Startup Weekend events, where teams of designers, business minds and coders come together to go from idea to demo in 54 hours, have taken hold in the region, with events in Santa Barbara and San Luis Obispo that have produced some really cool ideas. Last month, Santa Maria held a Startup Weekend of its own.

Yes, Santa Maria. The spot might be better know for its strawberries and wine and blue-collar jobs — but it’s also got a lot of hungry young people who want to start businesses.

Jose Huitron is one of them. He’s a Santa Maria native and owns an online cross-cultural online branding agency. He was one of the lead organizers of Start Weekend Santa Maria, and he said the event was a great success, drawing about 60 participants to the Allan Hancock College campus.

“This was a pioneering event for entrepreneurs and startup activity in the Santa Maria Valley,” Huitron said. “We had tremendous support from the folks in the Santa Barbara startup community and the folks at Softec in San Luis Obispo.”

The winning team from the event was WeGift, which aims to help people claim unused money on gift cards and then donate it to the cause of their choice.

Second place was BeniJuice, an all-organic juice company that impressed the judges with a great website and deep understanding of its market.

In third place was BuddyFund, which helps friends split up expenses when attending big music festivals like Coachella.

Huitron said the weekend was so successful that it won’t be the last. “We’ve already got the date written in for the next one,” he said.

New Venture Fair

Each year at UCSB, the Technology Management Program hosts the New Venture Competition, where dozens of student teams compete for a chance at cash prizes and professional services to help them get their business ideas off the ground. Inogen, Active Life Scientific and aPeel Technologies are all veteran winners.

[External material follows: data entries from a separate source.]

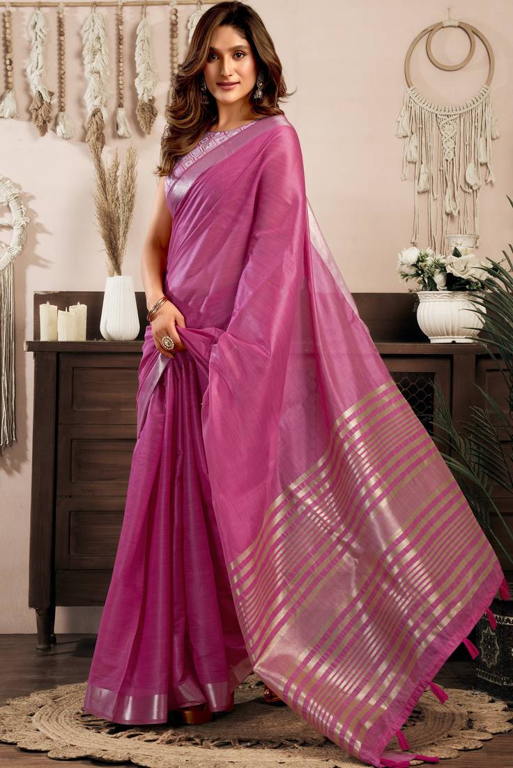 Embellish Elevate Your Ethnic Wardrobe With This Beautiful Khadi Cotton Saree Featuring An Elegant Jhallar Border And Paired With A Rich Brocade Blouse.
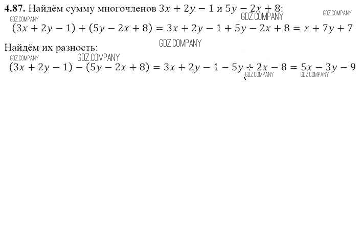 Здесь готовые ответы по Алгебре за 7 (седьмой) класс от Арефьева, Пирютко Учебник (издательство: Народная асвета от 2017 г.) № 4.87
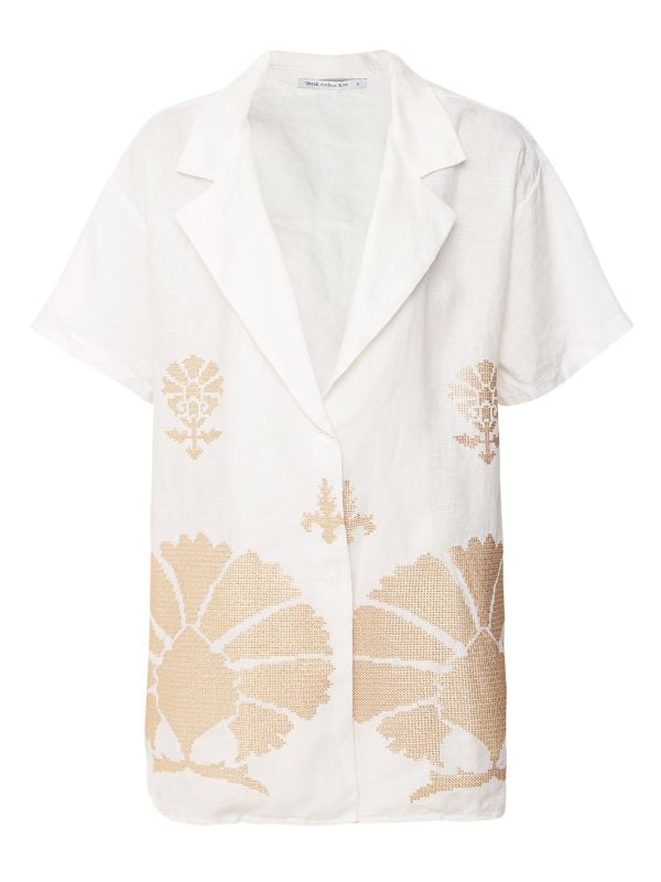 Elegantly designed and crafted in Greece, the Greek Archaic Kori peacock jacket is a must-have for the summer sun. Made in pure linen with a relaxed cut, the jacket ensure a light feel and essential cooling qualities. Featuring a notch lapel collar with button closure and short sleeves, whilst the stunning embroidered peacock detail delivers a signature finish synonymous with the label.
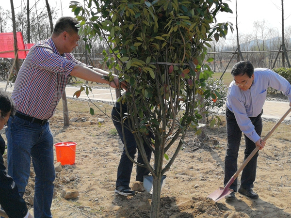 在植樹活動(dòng)現(xiàn)場,信長星與項(xiàng)目負(fù)責(zé)人共同植下第一棵樹,同時(shí)給大家講解了一些植樹的技巧和注意事項(xiàng)。

After refining their ideas with the help of mentors and lectures, the students gather and pitch to several hundred judges drawn from the business and technology worlds who grade them and narrow down the pool of teams to six finalists. This year 21 teams turned out. I never vote – I don’t want to influence the outcome for a company the Business Times might end up covering in the future – but here are a few teams that caught my eye.

• MyConciergeMobile helps hotels sell additional services, from room service to massages, to guests. The way this currently gets done is with posters or display cards on hotel desks. “No one ever reads them,” said team member Robert Reid. With MyConciergeMobile service, guests can get anything from room service to a toothbrush to fresh towels by texting the front desk.

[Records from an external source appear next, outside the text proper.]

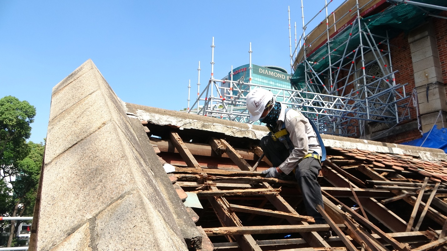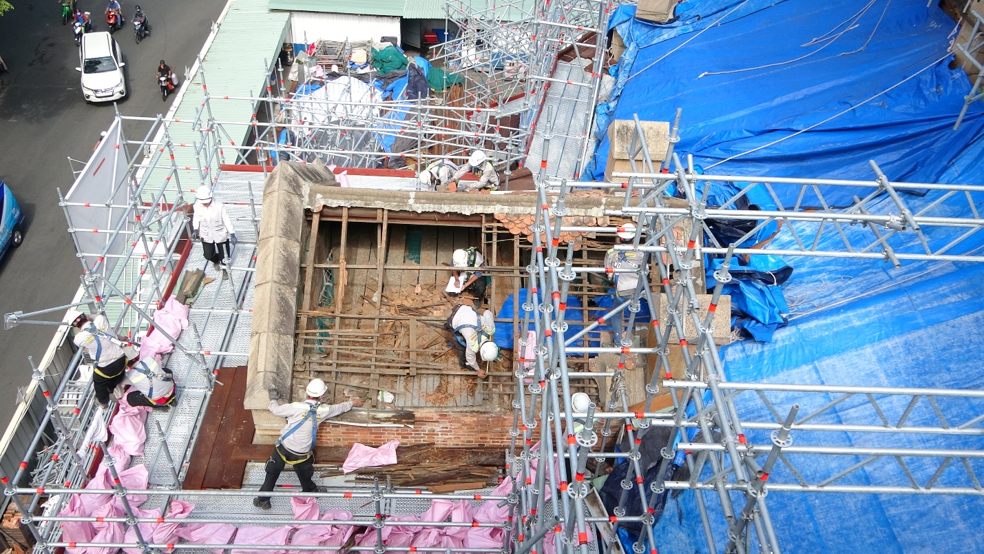 Trùng tu Nhà Thờ Đức Bà Sài Gòn: Tháo ngói vảy cá mái B1
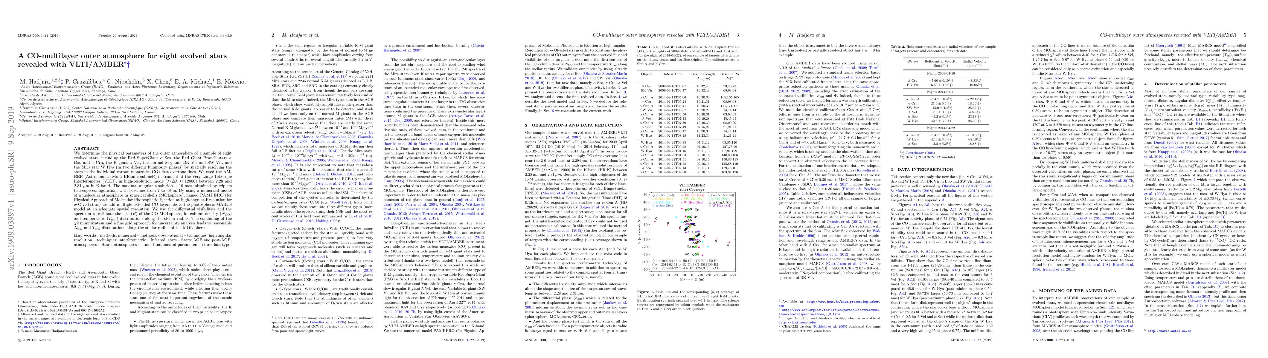 This study uses the VLTI/AMBER instrument to spatially resolve the CO outer atmospheres of eight evolved stars, revealing multiple CO-multilayer structures. The research estimates the size, temperature, and column density of these layers using a numerical model called PAMPERO, providing insights into the physical parameters of these stars' atmospheres.
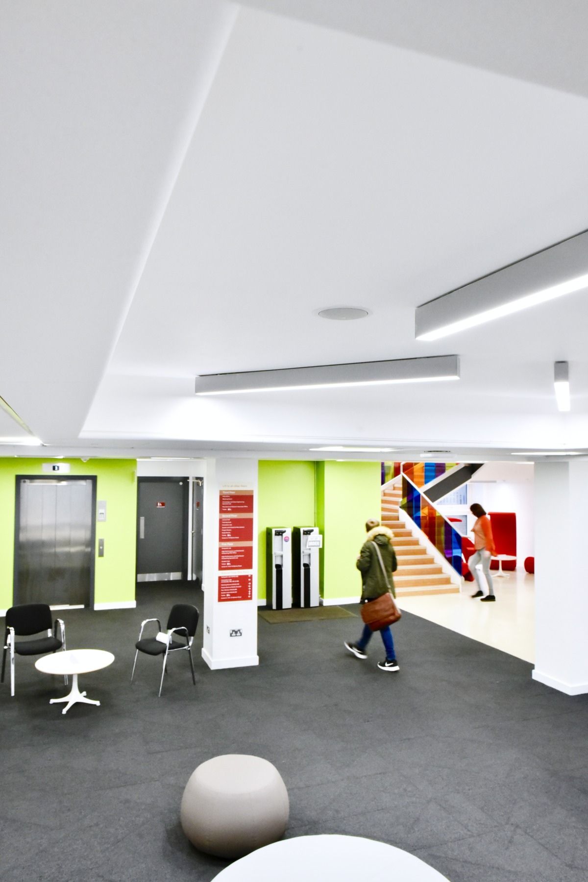Saint-Gobain Ecophon provided solutions to meet the individual requirements of each of these areas, including the impressive raft ceiling in the reception area. “We have completed a wide range of projects over the years for Queen’s University, so we were delighted to be involved in another of their ambitious projects,” explained Andrew Acheson, Area Manager for Northern Ireland.
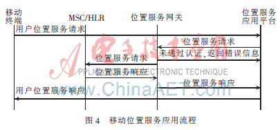 (3)在通過認(rèn)證的情況下,位置服務(wù)網(wǎng)關(guān)根據(jù)請求參數(shù)發(fā)送給運(yùn)營商網(wǎng)絡(luò)中的相關(guān)網(wǎng)絡(luò)實(shí)體,一般是移動業(yè)務(wù)交換中心MSC(Mobile Switching Center)和歸屬位置寄存器HLR(Home Location Register),由MSC進(jìn)行定位運(yùn)算,計(jì)算完畢后將參數(shù)返回給位置服務(wù)網(wǎng)關(guān),位置服務(wù)網(wǎng)關(guān)再將接收到的參數(shù)處理后返回該用戶的最新位置信息給位置服務(wù)應(yīng)用平臺。
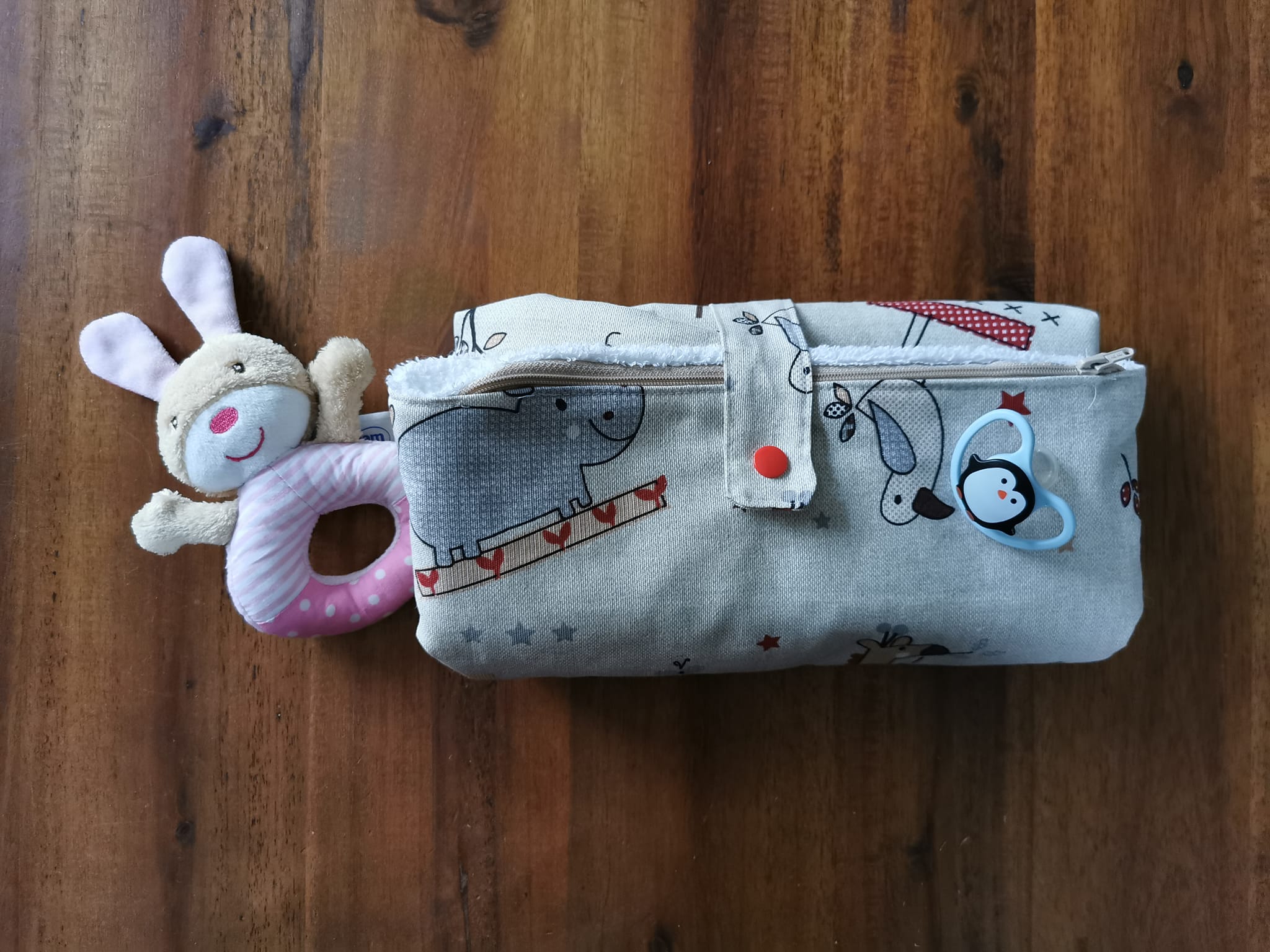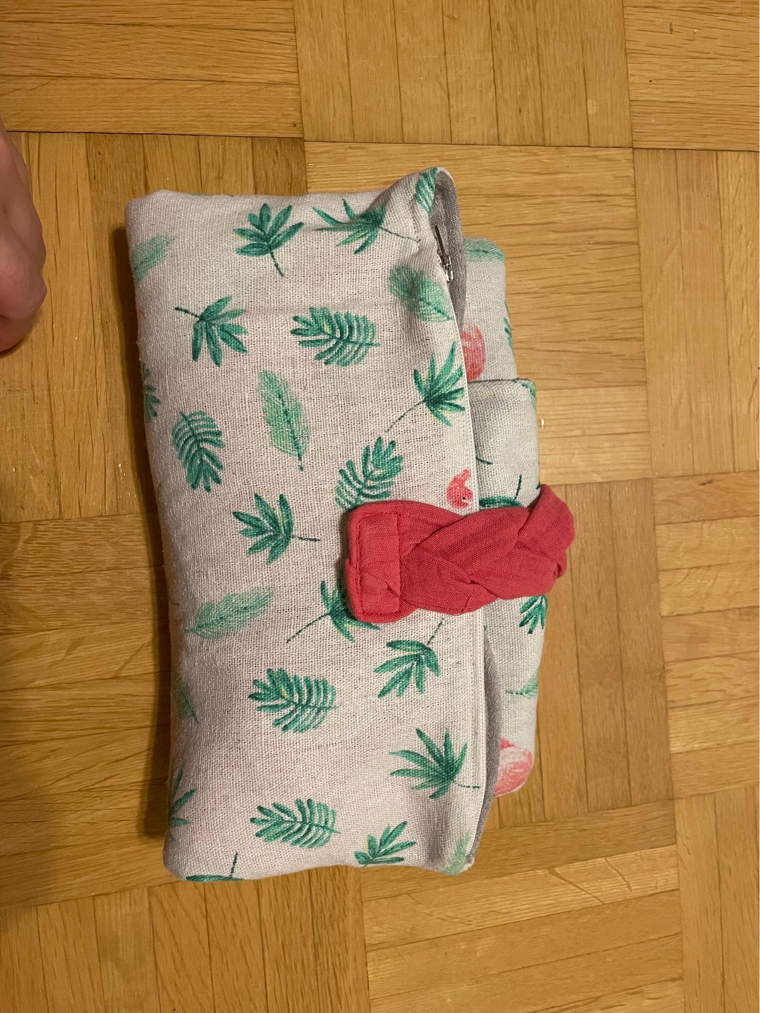 Die Wickeltasche kann aus allen festen, nicht dehnbaren Stoffen, wie Leder, Kunstleder,

I’ve seen other, more complicated smart-phone apps that aim to do this, but the neat thing about this one is that it’s very simple – it uses texts and a website, minimizing compatibility issues. “We require zero integration. It’s all web-based. They can be up and running within an hour,” Reid said. Bacara Resort’s Spa is its first client.

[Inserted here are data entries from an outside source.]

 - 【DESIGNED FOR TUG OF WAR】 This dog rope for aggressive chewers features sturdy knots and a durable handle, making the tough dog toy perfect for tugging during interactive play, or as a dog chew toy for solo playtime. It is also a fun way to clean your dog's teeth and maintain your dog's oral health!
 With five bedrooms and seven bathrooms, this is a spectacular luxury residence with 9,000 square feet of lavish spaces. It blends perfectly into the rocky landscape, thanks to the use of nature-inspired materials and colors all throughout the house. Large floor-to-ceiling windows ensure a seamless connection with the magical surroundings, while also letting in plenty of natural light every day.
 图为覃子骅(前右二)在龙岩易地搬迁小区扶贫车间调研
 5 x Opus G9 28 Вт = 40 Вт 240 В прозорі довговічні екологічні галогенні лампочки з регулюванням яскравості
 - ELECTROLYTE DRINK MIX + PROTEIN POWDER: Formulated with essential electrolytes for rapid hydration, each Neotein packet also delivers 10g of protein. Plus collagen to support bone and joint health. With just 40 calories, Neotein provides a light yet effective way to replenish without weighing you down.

• Asta Fluidic Technologies makes a micro-electromechanical device that helps diagnose a condition called fetomaternal hemorrhaging. That’s when fetal blood cells leak into a pregnant woman’s circulatory system, and it’s a serious problem. Asta’s lab-on-a-chip device would diagnose it 24 times faster and 40 percent more cheaply than the current method, which involves examination by human technicians.

• Komodo Toys makes fighting toy robots that you can control like a video game. Imagine battle bots meets Xbox – in other words, the coolest toy imaginable for young boys. What I liked about the business model was that it centered on a $50 base toy with all kinds of customizable mods and weapons for $11 a pop. Parents, beware.

• PolySpectra makes a self-crystallizing polymer that can be mixed in with a variety of finish sprays to make nearly any plastic UV-resistant. Say goodbye to car bumpers that are a different color than the panels after five years. “In a world of ever growing plastic use, damage from the sun is a huge problem,” said team member Aidan Fenwick.

The winning teams – Asta Fluidic Technologies, Gain Changer, Komodo Toys, MyConciergeMobile, Napses and PolySpectra – will advance to the finals on May 22.